Work to complete ::
For this exercise, repeat exactly the lines below starting at the line holding "wild mountain brown" and ending at the line holding "19일 하림 임직원 ‘사랑나눔실천단’은", both included, with no extra lines and no pictures.
#### Records to process
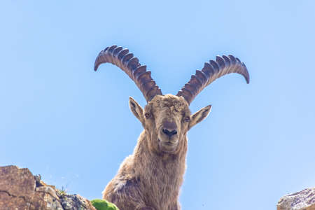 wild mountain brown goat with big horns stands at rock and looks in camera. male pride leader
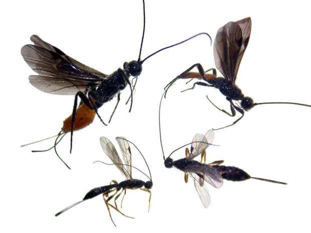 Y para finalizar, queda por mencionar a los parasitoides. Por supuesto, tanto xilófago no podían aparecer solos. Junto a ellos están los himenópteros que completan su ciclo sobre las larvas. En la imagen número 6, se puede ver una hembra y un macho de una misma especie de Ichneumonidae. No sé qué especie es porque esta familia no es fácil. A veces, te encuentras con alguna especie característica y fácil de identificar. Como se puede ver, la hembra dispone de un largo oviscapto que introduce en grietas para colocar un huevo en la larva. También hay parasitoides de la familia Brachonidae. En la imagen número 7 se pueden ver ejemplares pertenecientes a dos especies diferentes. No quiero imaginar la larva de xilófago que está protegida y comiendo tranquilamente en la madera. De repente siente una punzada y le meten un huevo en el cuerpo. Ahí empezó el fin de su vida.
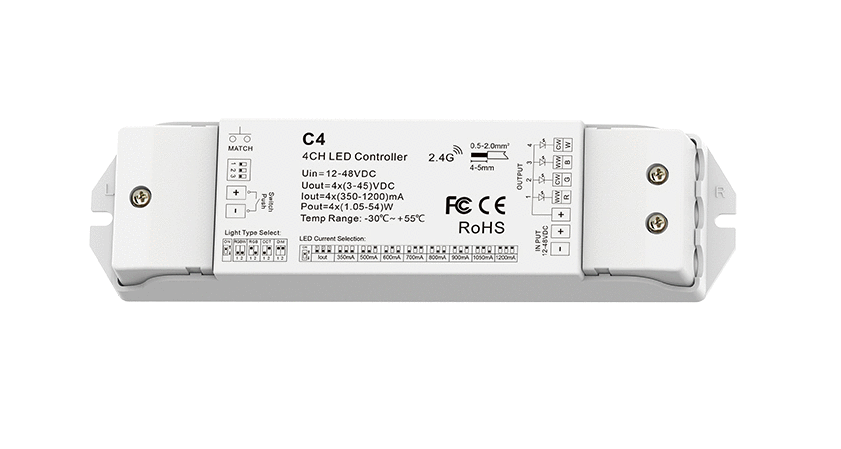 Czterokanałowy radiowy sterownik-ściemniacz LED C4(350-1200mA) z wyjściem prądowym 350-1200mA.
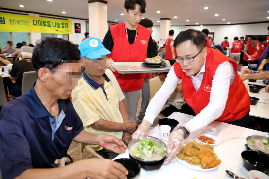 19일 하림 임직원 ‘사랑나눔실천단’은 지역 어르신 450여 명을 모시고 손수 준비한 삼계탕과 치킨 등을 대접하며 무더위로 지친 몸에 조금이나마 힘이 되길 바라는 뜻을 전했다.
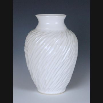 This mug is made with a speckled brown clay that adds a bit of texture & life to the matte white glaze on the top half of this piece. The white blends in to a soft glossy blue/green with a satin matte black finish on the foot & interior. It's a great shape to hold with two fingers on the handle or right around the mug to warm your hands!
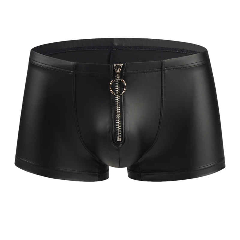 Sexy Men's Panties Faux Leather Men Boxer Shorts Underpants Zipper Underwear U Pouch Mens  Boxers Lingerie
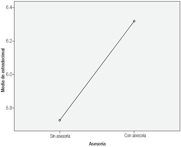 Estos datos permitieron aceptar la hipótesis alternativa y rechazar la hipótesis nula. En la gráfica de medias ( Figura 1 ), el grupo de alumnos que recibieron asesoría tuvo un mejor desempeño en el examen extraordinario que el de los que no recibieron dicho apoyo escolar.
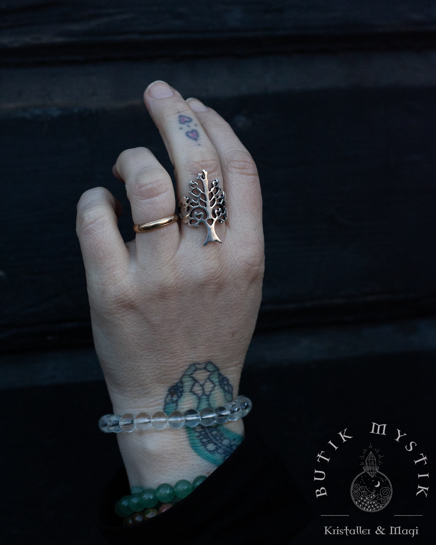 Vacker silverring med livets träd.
########
#### Records to process
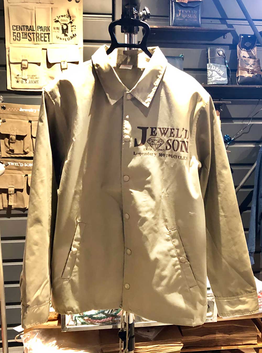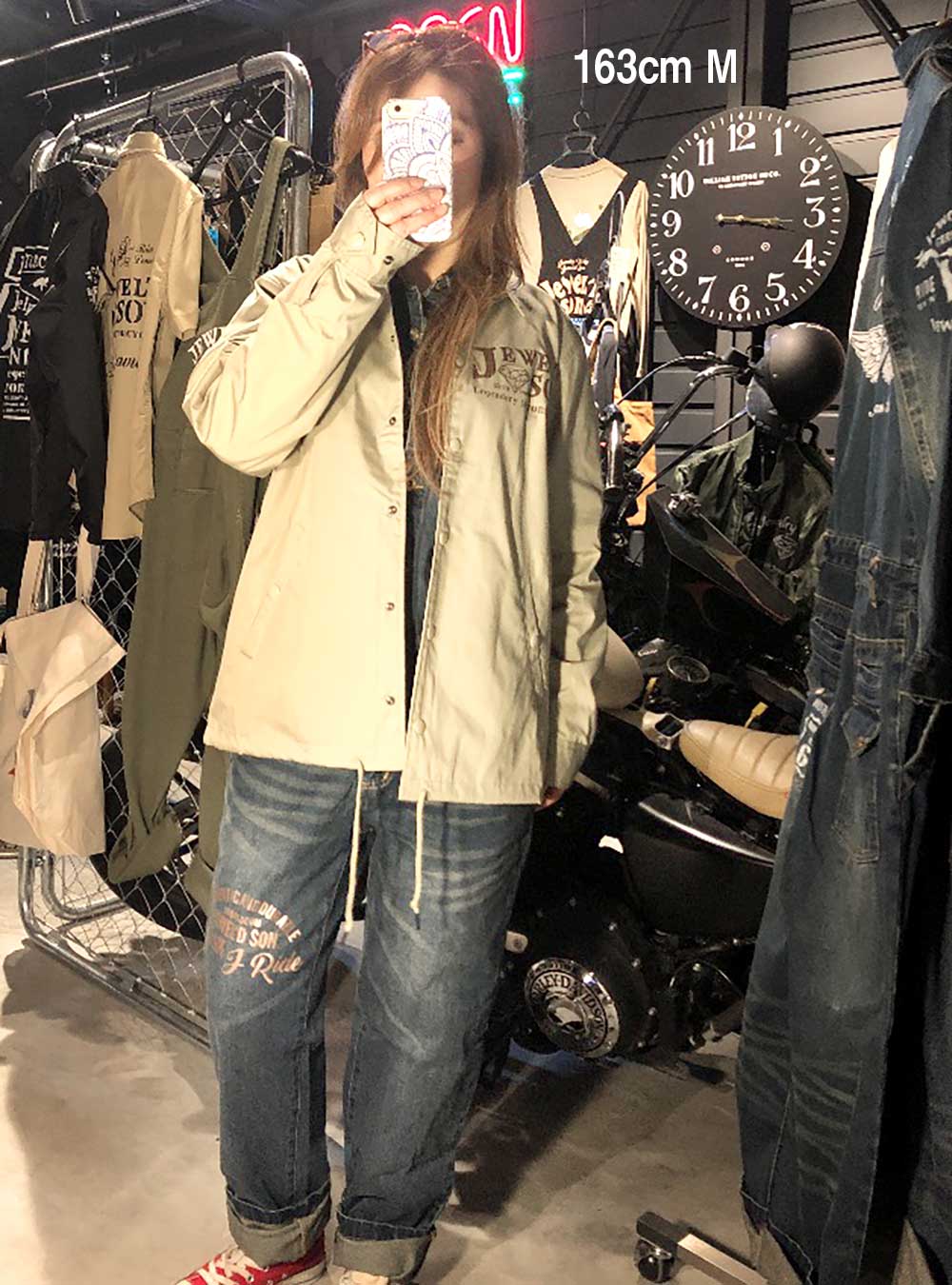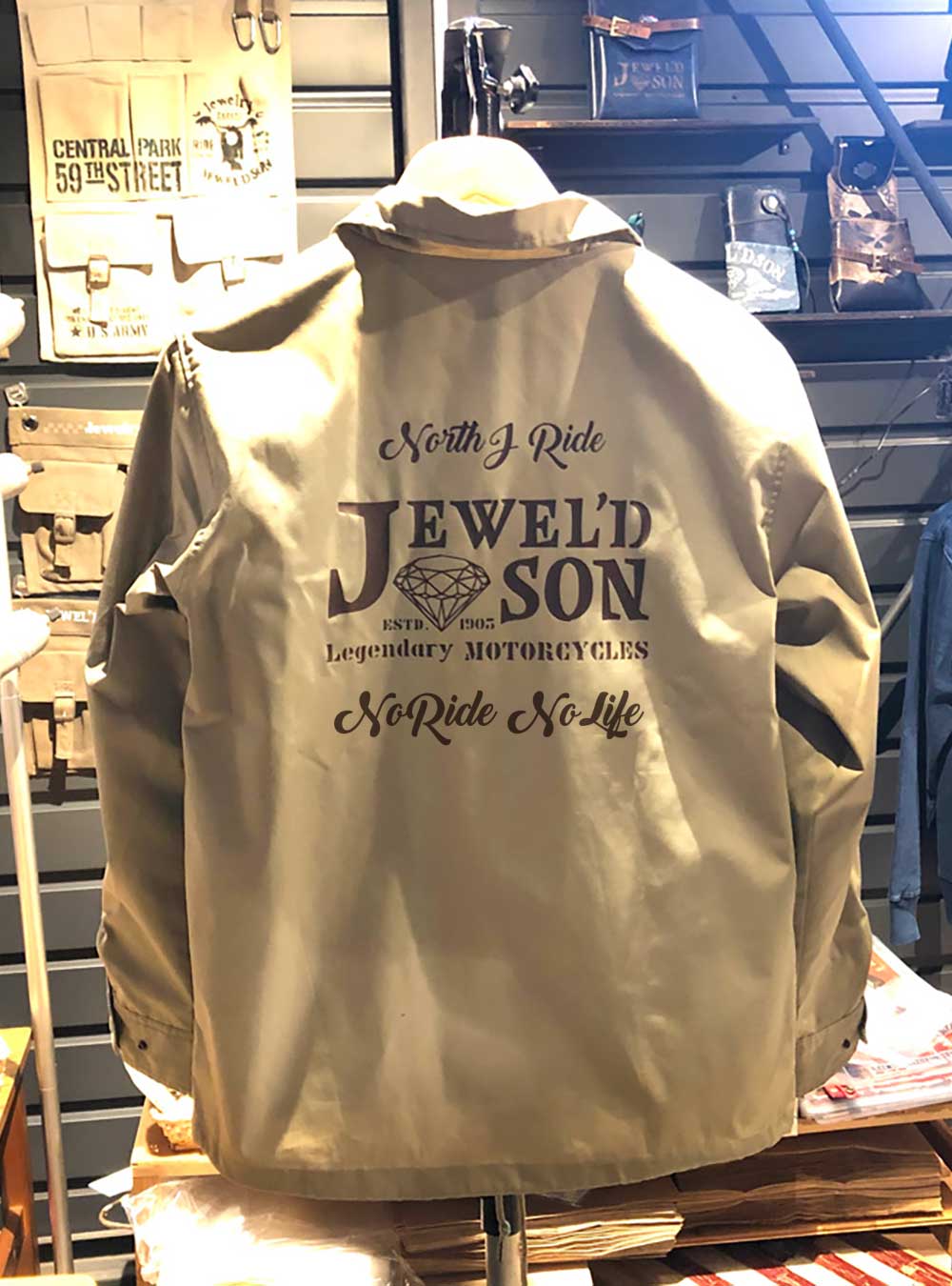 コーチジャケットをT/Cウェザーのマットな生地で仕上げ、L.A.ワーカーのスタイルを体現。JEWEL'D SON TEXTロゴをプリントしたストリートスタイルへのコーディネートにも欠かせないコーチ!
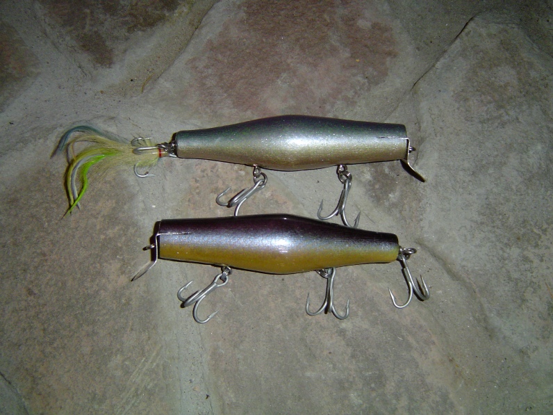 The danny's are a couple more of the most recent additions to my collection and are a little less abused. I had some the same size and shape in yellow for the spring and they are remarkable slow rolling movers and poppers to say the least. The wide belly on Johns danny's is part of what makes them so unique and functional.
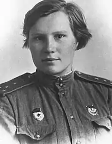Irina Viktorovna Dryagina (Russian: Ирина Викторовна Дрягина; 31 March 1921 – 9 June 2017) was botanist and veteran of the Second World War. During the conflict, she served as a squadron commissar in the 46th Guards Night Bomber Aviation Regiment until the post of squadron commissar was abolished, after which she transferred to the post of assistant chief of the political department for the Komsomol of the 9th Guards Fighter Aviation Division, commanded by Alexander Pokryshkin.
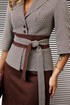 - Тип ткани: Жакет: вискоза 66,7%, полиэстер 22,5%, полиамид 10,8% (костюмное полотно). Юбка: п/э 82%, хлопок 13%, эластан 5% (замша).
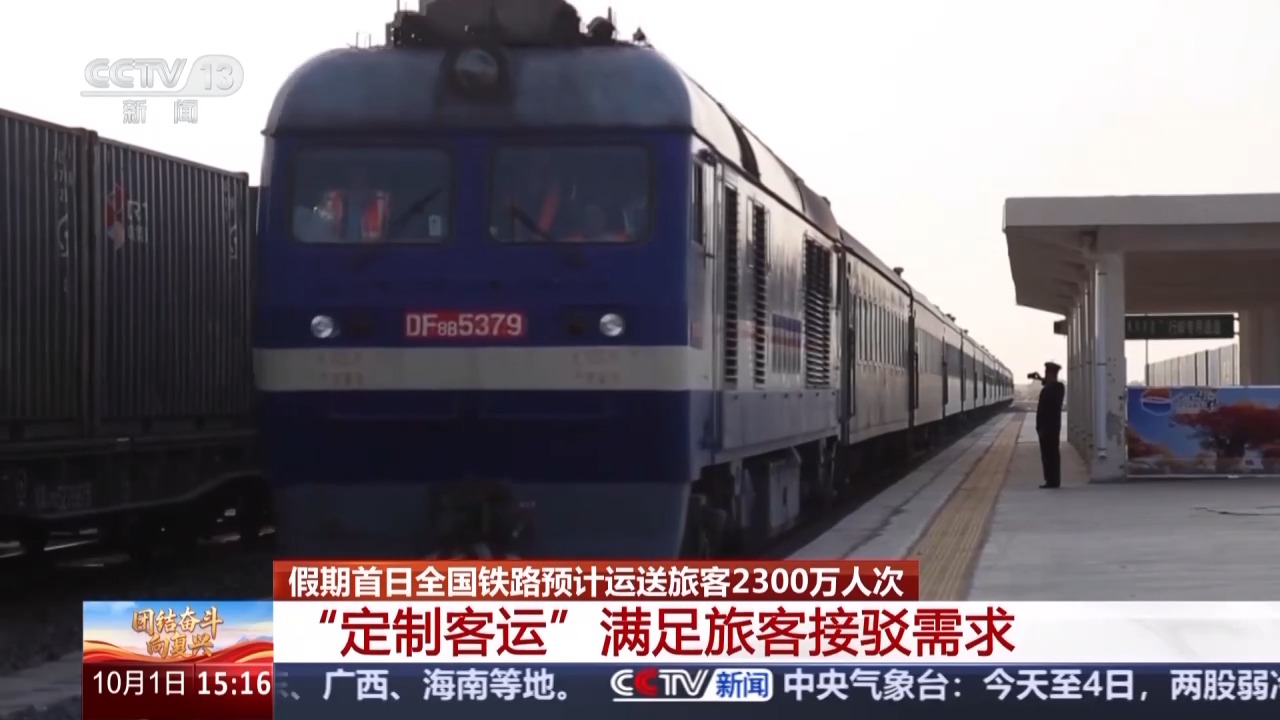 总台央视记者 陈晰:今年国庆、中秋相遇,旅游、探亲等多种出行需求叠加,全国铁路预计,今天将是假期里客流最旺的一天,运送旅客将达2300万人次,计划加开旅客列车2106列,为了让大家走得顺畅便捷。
########
#### Records to process
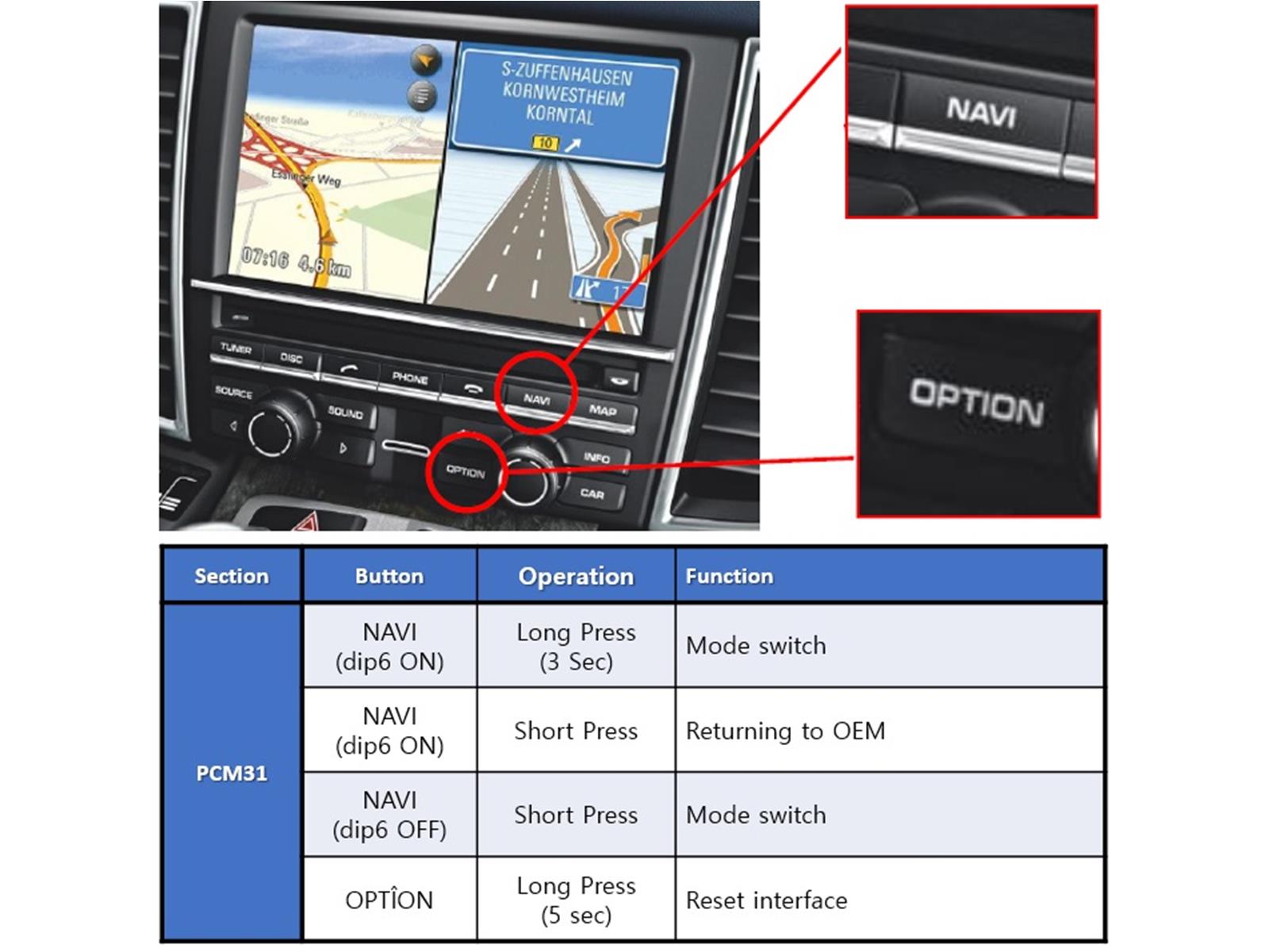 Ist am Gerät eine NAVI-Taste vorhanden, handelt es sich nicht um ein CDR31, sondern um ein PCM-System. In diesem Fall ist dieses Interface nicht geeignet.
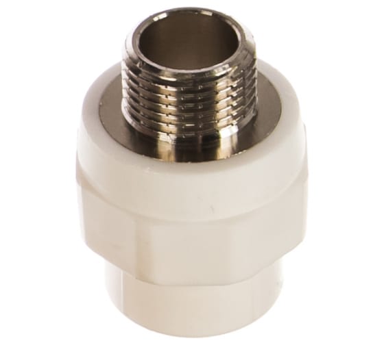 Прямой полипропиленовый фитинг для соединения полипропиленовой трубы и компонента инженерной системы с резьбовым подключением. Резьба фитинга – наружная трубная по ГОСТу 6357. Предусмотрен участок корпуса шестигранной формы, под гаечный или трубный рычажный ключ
########
Reply to the task ::
 wild mountain brown goat with big horns stands at rock and looks in camera. male pride leader
 Y para finalizar, queda por mencionar a los parasitoides. Por supuesto, tanto xilófago no podían aparecer solos. Junto a ellos están los himenópteros que completan su ciclo sobre las larvas. En la imagen número 6, se puede ver una hembra y un macho de una misma especie de Ichneumonidae. No sé qué especie es porque esta familia no es fácil. A veces, te encuentras con alguna especie característica y fácil de identificar. Como se puede ver, la hembra dispone de un largo oviscapto que introduce en grietas para colocar un huevo en la larva. También hay parasitoides de la familia Brachonidae. En la imagen número 7 se pueden ver ejemplares pertenecientes a dos especies diferentes. No quiero imaginar la larva de xilófago que está protegida y comiendo tranquilamente en la madera. De repente siente una punzada y le meten un huevo en el cuerpo. Ahí empezó el fin de su vida.
 Czterokanałowy radiowy sterownik-ściemniacz LED C4(350-1200mA) z wyjściem prądowym 350-1200mA.
 19일 하림 임직원 ‘사랑나눔실천단’은 지역 어르신 450여 명을 모시고 손수 준비한 삼계탕과 치킨 등을 대접하며 무더위로 지친 몸에 조금이나마 힘이 되길 바라는 뜻을 전했다.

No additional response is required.